Samstag, 10. Dezember 2016

Würstchenparty2.0

SM-Onlinecommunities sind ja bekanntlich eine Welt für sich. Und doch weisen spezielle SM-Foren, fetlife & Co viele Parallelen zur ganz alltäglichen Offline-Welt da draußen auf. Die Augenfälligste scheint mir zu sein, dass es in beiden Welten der männliche Teil der Gesellschaft ist, der sich die Freiräume aneignet, während es für Frauen nur sehr eingeschränkte Entfaltungsmöglichkeiten gibt. Blöde Anmachsprüche der selbsternannten Pickup-Artists in einer Diskothek am Samstagabend unterscheiden sich bei näherem Hinsehen kaum von den Bewerbungsschreiben verzweifelt auf der Suche befindlicher "devoter" Männer. Frauen, die auf die Idee kommen, diese Männerdomänen zu betreten - und das trifft auf die Anbaggerschuppen links und rechts der Reeperbahn genauso zu wie auf Online-SM-Communities wie fetlife oder die berühmt-berüchtigte "Sklavenzentrale" - werden mit den sexuellen Begierden räudiger Typen schlichtweg überschüttet. Männerlogik.

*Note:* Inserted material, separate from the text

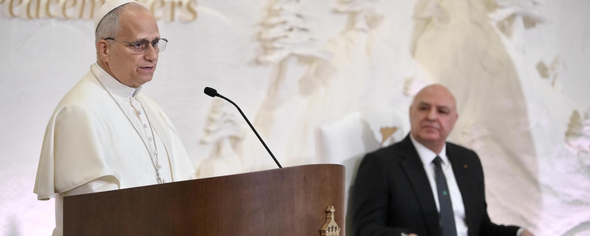 León XIV dedica su primer discurso en el Líbano a los constructores de paz (@Vatican Media)

Die naheliegende und zu beobachtende Reaktion der Frauen ist nichts anderes als ein Rückzug aus diesen Räumen, was angesichts des Verhaltens der Männer wohl kaum jemanden verwundern dürfte. In Folge stellt sich in den Communities ein stetig zunehmender "Herrnüberschuss" ein, was die Verzweifelung unter den ausharrenden Männern weiter anwachsen und die "Bewerbungsschreiben" immer einfältiger werden lässt. Wehe der attraktiven Frau, die als nächstes auf die absurde Idee kommt, sich in einer dieser Communities anzumelden - die vielen verzweifelten Jungs stehen schon wie der "Rest vom Schützenfest" bereit, um das virtuelle Spermabad einzulassen - immer in der Hoffnung, dass sie selbst es sind, die mit ihrem leicht angepassten Kettenbriefanschreiben den großen Treffer ihres Lebens landen. Wen wundert es da noch, dass die einzigen Frauen, die sich diesem Affenzirkus aussetzen, diejenigen sind die damit hauptberuflich ihr Geld verdienen, oder sich wenigstens für ihr Leiden unter den Lustattacken der Übermacht an Wichsern finanziell entschädigen lassen möchten.

Diese Entwicklung ist sehr schade, denn sie bewirkt genau das Gegenteil von dem, was Online-Communities sein könnten: Orte des Austauschs und des Kennenlernens (Nein, Kennenlernen ist nicht das gleiche wie "Bewerbungsschreiben" mit Penisbild!), Orte an denen Menschen zusammenkommen - und sich nicht enttäuscht voneinander abwenden. Selbst habe ich jedenfalls verschiedentlich die Erfahrung gemacht, dass es absolut sinnlos ist, in einer dieser Communities zu einem interessanten Menschen Kontakt aufzunehmen, wenn dieser Mensch weiblich ist. Auch wenn ich aus naheliegenden Gründen keine "Sklavenbewerbungen" versende, wird ausgehend von den dort erfolgten Erfahrungen sogleich ein sexuelles Interesse unterstellt, sodass ein unvoreingenommener Erfahrungsaustausch und vielleicht das Kennenlernen eines irgendwie interessanten Menschens gar nicht erst zustande kommen kann.

Ich bin fest davon überzeugt, dass dieses allgegenwärtige und penetrante männliche Balzgehabe samt männlicher Raumaneignung für am Thema SM interessierte Frauen genauso nachteilig ist, wie für die vielen verzweifelten Jungs, deren Interesse vermutlich nicht ist, an diesen Orten unter sich zu bleiben. An die auf der Suche nach einer Herrin befindliche männliche Leserschaft sei gesagt: meinem Eindruck nach ist es nahezu unmöglich geworden, in den benannten Communities neue Damenbekanntschaften zu schließen. Ein Nachdenken über Alternativen zur Belagerung jeder neu angemeldeten Frau ist in jedem Fall lohnenswert.